Somewhat buried in a broader Laura Rozen piece about Hillary Clinton's upcoming agenda is this choice nugget:
Late last month, for instance, White House aides quietly nixed plans to bring on journalist and longtime Clinton advisor Sidney Blumenthal as a State Department consultant and speechwriter, an aide confirmed, after the planned appointment was reported.
This news is less surprising than the initial leak about Blumenthal, who was a bogeyman for Obama campaign aides convinced that he was driving some of the harshest primary-season attacks against their candidate. That said, Hillary managed to bring to State at least one other aide whom I know is quite disliked at some high levels in Obamaland, so the notion that Blumenthal might come along for the ride as well seemed plausible enough.
Meanwhile, Rozen has some detail on Hillary's scheduled speech about nonproliferation at the Council on Foreign Relations in Washington next week. Then she's off for a high-profile visit to India, and later in July she and Treasury Secretary Timothy Geithner hold an important summit with Chinese officials.

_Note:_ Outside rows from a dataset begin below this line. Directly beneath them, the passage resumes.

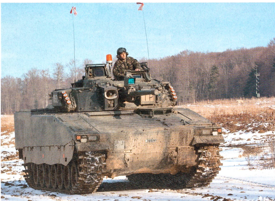
Ein Schützenpanzer der «roten» Partei.

Auch die Integration der einsatzunterstellten Elemente hat ihre Tücken, die erst in solchen Übungen erkannt und überwunden werden können. So muss beispielsweise sichergestellt sein, dass überall die gleichen Führungsunterlagen verwendet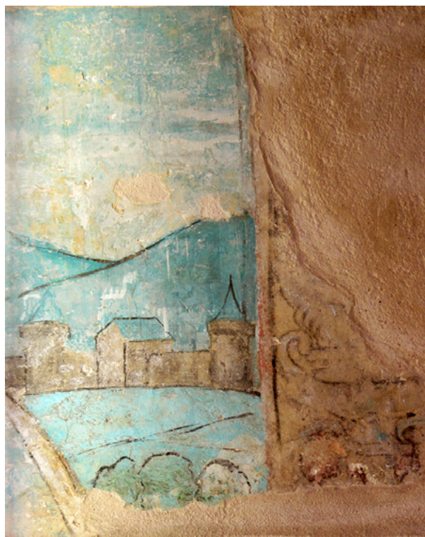
Fig. 2. Anónimo, Vista de ciudad ¿Sanlúcar de Barrameda? Fines del siglo xv, parroquia mayor de Ntra. Sra. de la O, Sanlúcar de Barrameda.

No extraña que el que fuera cronista de la casa incluyera en una obra general de la historia de España diversos hechos referentes a la familia ducal, como su título nobiliario en el cap. xxiii (fol. xx), la gesta del fundador en el cap. xxxii (fol. xxxvii) o el desastre de don Enrique en las aguas de Gibraltar en el cap. xxx (fol. xxxv vto.). Y, lo que nos interesa, una pequeña historia de la propia Sanlúcar, que tan bien conocía, pues estuvo, según sus palabras, cincuenta años al servicio de los Guzmanes, y en su casa se crió y vivió como sus padres, declarándose «su antiguo criado y fiel servidor», como demuestra el haber sido el maestro del joven vii duque. En los folios que dedica a la «Provincia del Andalucía», reserva el cap. xli a «la villa de Sant Lucar» (fol. xlvi r y vto. y xlvi r). Recoge su pasado tartésico, la existencia de un santuario fenicio y el origen filológico del nombre, sintetizando lo esencial de la población, ser capital del Estado de los Guzmanes y su carácter comercial cosmopolita, como puerto y puerta de América. Dirá: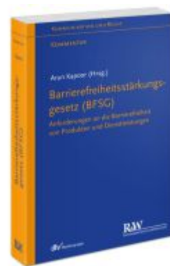
Barrierefreiheitsstärkungsgesetz (BFSG) Ladenpreis: 132,70EUR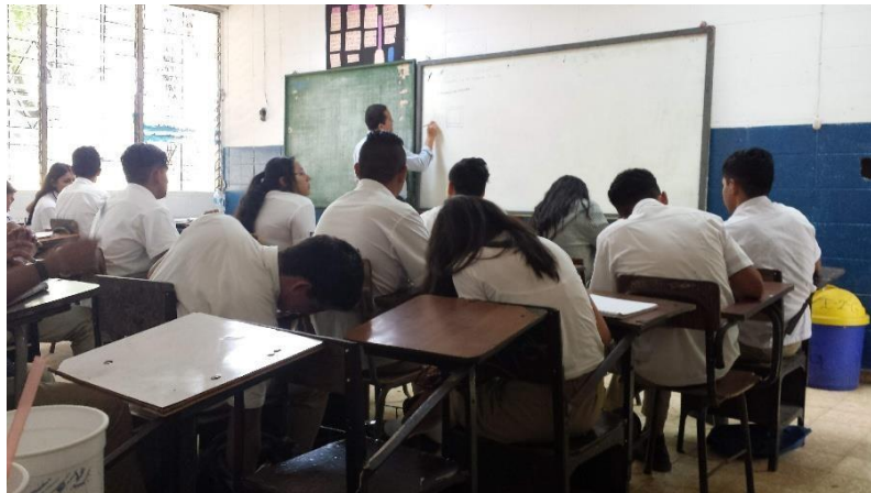
Foto 7: durante el desarrollo de una clase de la asignatura de ciencias, dos investigadoras estuvieron presentes para observar el rol del docente en cuanto al comportamiento de los estudiantes.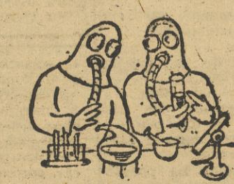
—Tenemos que volver a empezar los experimentos sobre radioactividad... Esto que nos ha resultado es vino tinto...

—Si, se ha quedado viudo. Ayer, jugando al ajedrez, se comió la reina.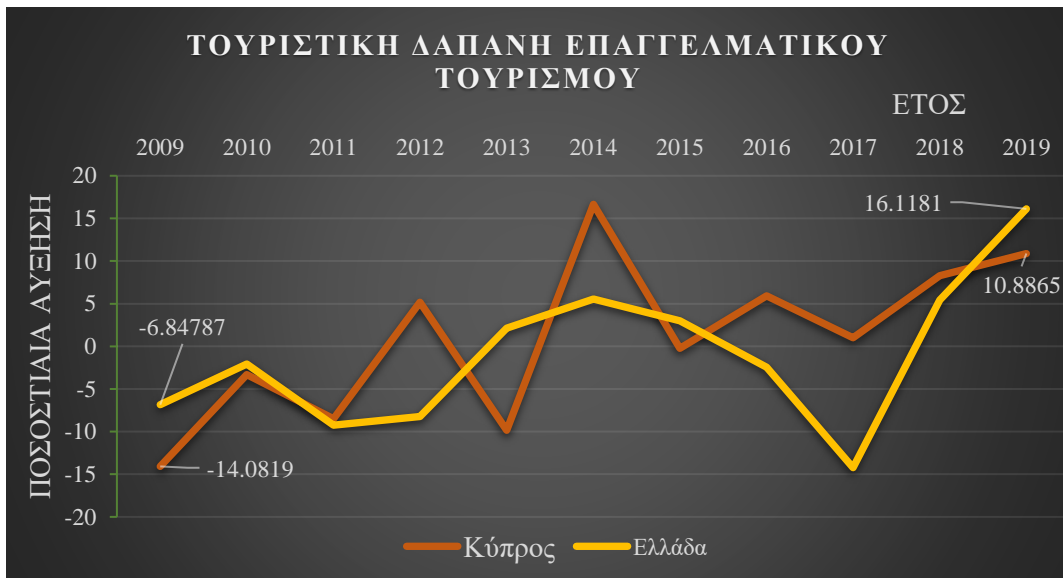
Διάγραμμα 2: Τουριστική δαπάνη επαγγελματικού τουρισμού (ποσοστιαία αύξηση) 2009-2019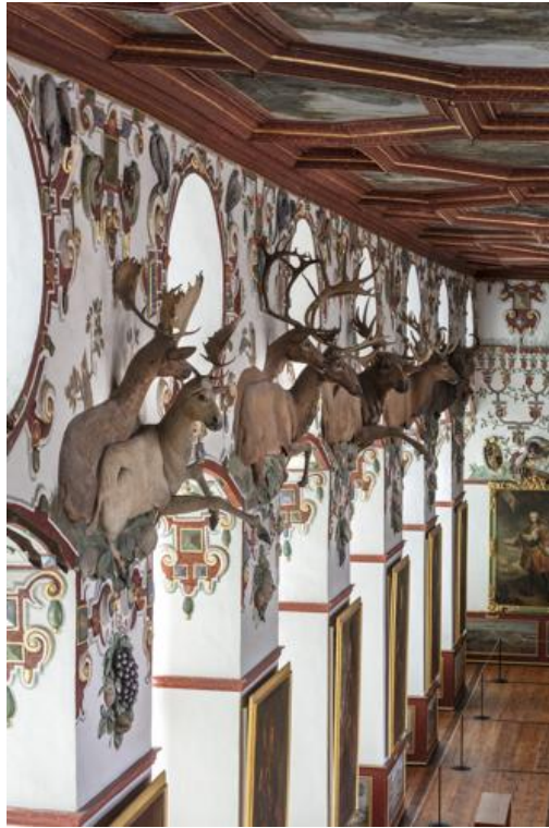
Abbildung 5: Deer pairs – general view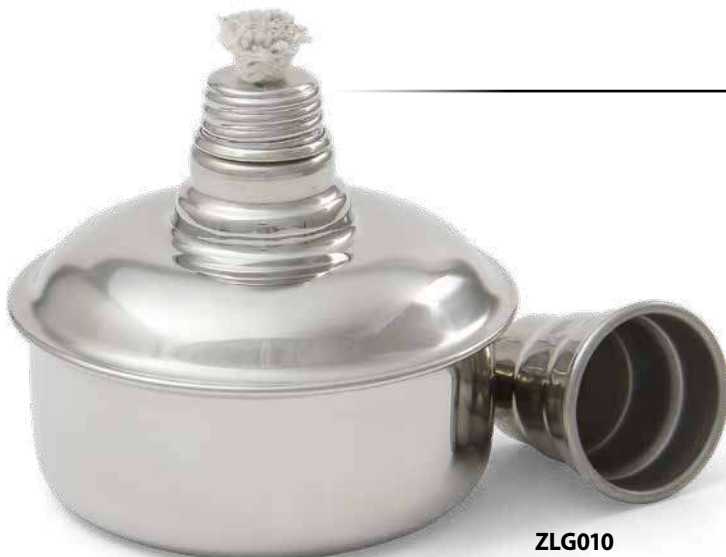
ZLG010 # LA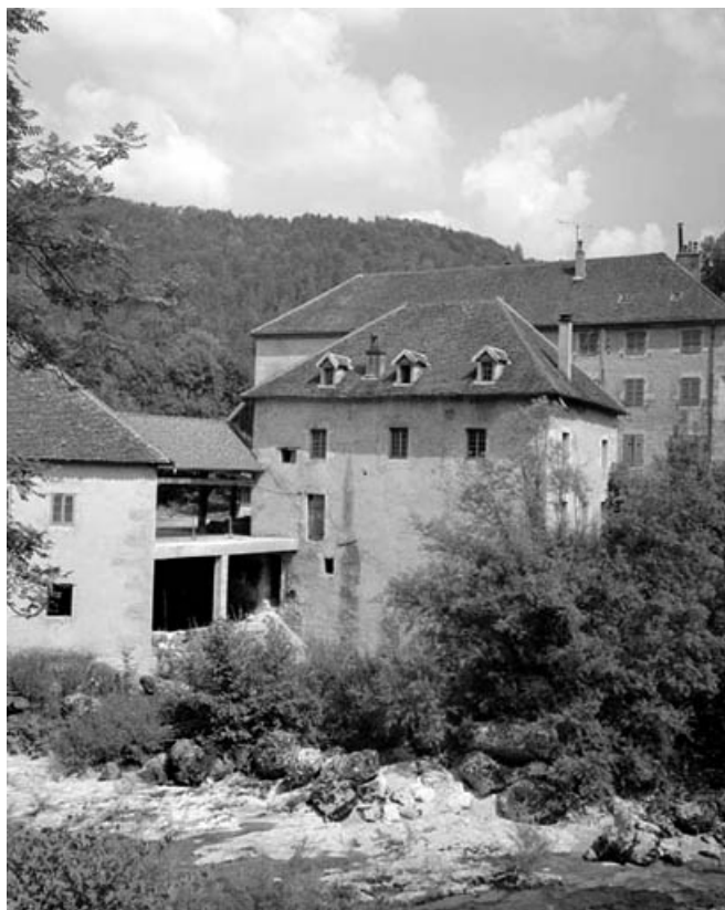
Moulin : façade latérale gauche.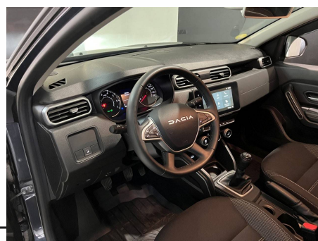
Dacia - Duster Blue dCi 115 4x2 Journey +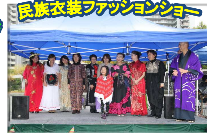
民族衣装ファッションショー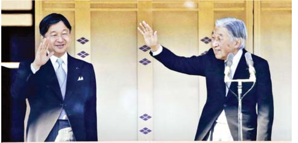
ကေရာဇ်ဘုရင်အာခီဟီတိုနှင့် မင်းသား နာယူဟီတိုတို့ကို ကေရာဇ်နန်းတော် လသာဆောင်တွင် ဇန်နဝါရီ ၁ ရက်က တွေ့ရစဉ်။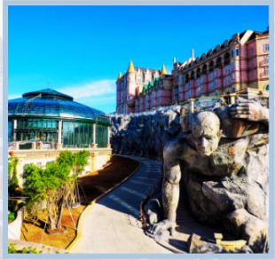
โซ่ Eclipse Square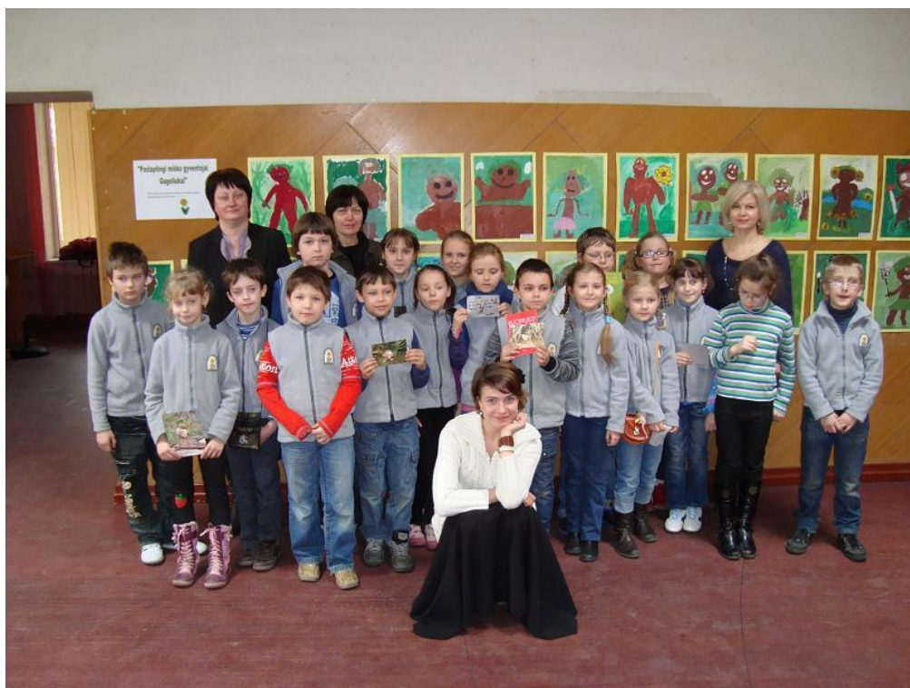
Rašytoja su „Gugeliukų“ iliustracijų autoriais – Vilkaviškio pradinės mokyklos 2 c klasės mokiniais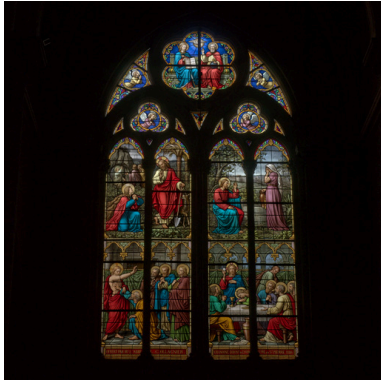
Baie 7 : scènes de la vie du Christ IVR82_20074200760NUCA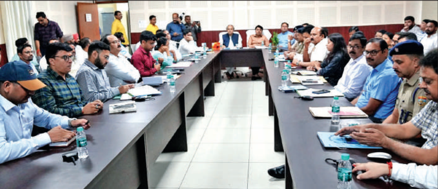
अधिकारियों के साथ बैठक करते राज्य आपदा प्रबंधन सलाहकार समिति के उपाध्यक्ष डॉ. विनय कुमार रुहेला ।

अमृत विचार: उत्तराखंड राज्य आपदा प्रबंधन सलाहकार समिति के उपाध्यक्ष डॉ. विनय कुमार रुहेला अपने एक दिवसीय जनपद भ्रमण के दौरान जिला आपदा प्रबंधन कार्यालय कलेक्ट्रेट परिसर पहुंचे। यहां उन्होंने परिसर में एक पेड़ मां के नाम अभियान के तहत लीची का पौधा रोपा। उन्होंने जनपद में आपदा प्रबंधन कार्यों की विभागावार विस्तृत समीक्षा की। शनिवार को समीक्षा के दौरान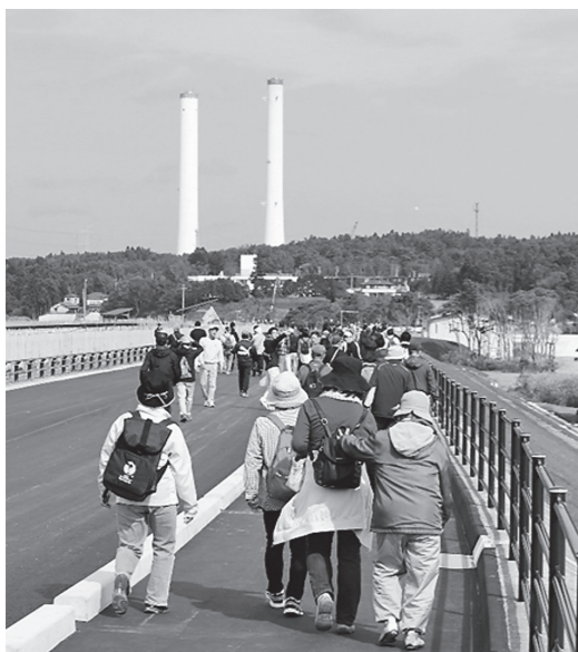
昨年の健康ウォーク

以上、災害の復興・再生と町民福祉の増進、町政発展のため、なお一層安定した財政基盤の確保及び構築に努められることを求めます。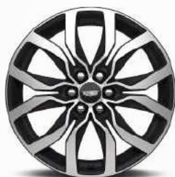
חישוקי אלומיניום 20" SPORT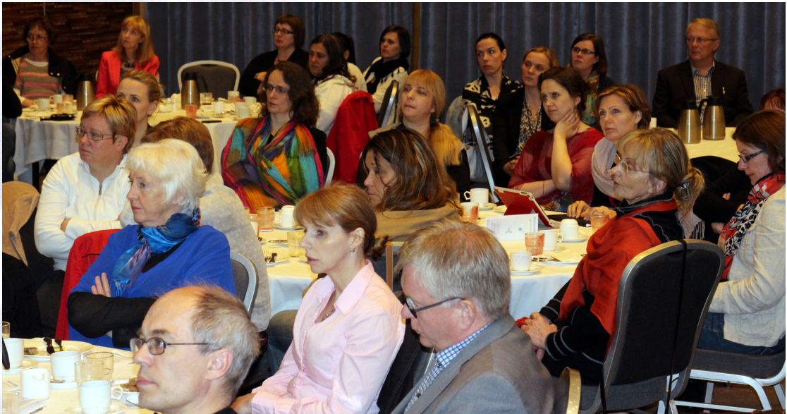
Frá morgunverðarfundinum sem haldinn var 13. júní sl.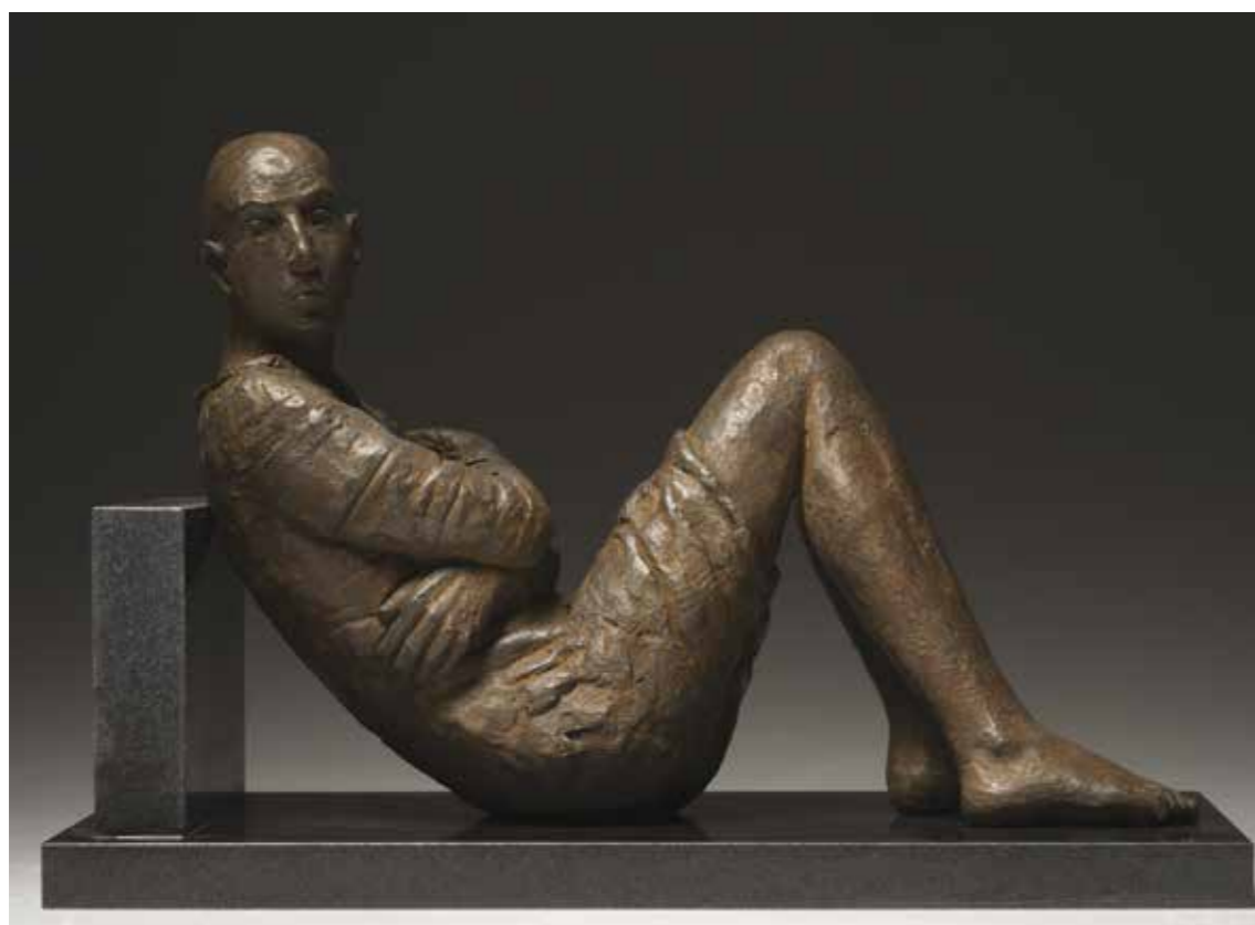
« Untitled », patinated bronze #115 ed. of 8, 24.5 x 40 x 21 cm, 2012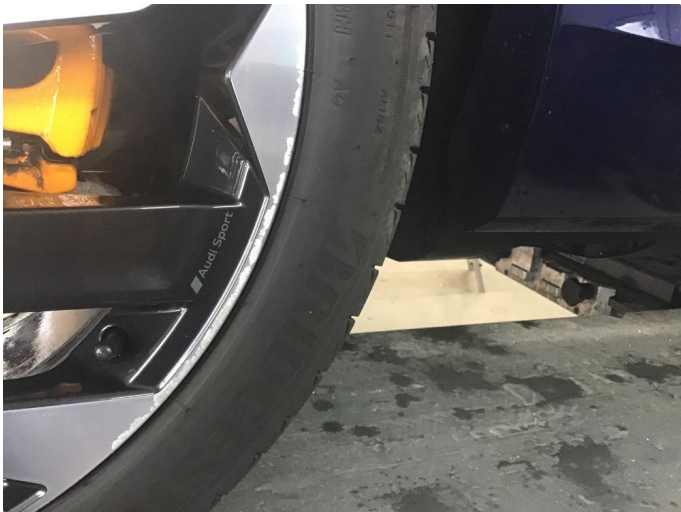
1.2 Litt kantkjørt felg

Those last two events track with Clinton's vision of the Secretary of State job as laid out in my last TNR cover piece. For now, she has delegated regional crises like AfPak and the Middle East, and is concentrating on less sexy, long-term strategic relationships with emerging powers like India and China. If you talk to ten people in Washington, five will tell you that this shows how Hillary has been sidelined by the Obama team, while five more will say this reflects her own shrewd positioning and a desire to keep her head down for a while before swooping into a bigger role when things start happening like actual Middle East peace talks. I lean towards the latter interpretation. We'll see.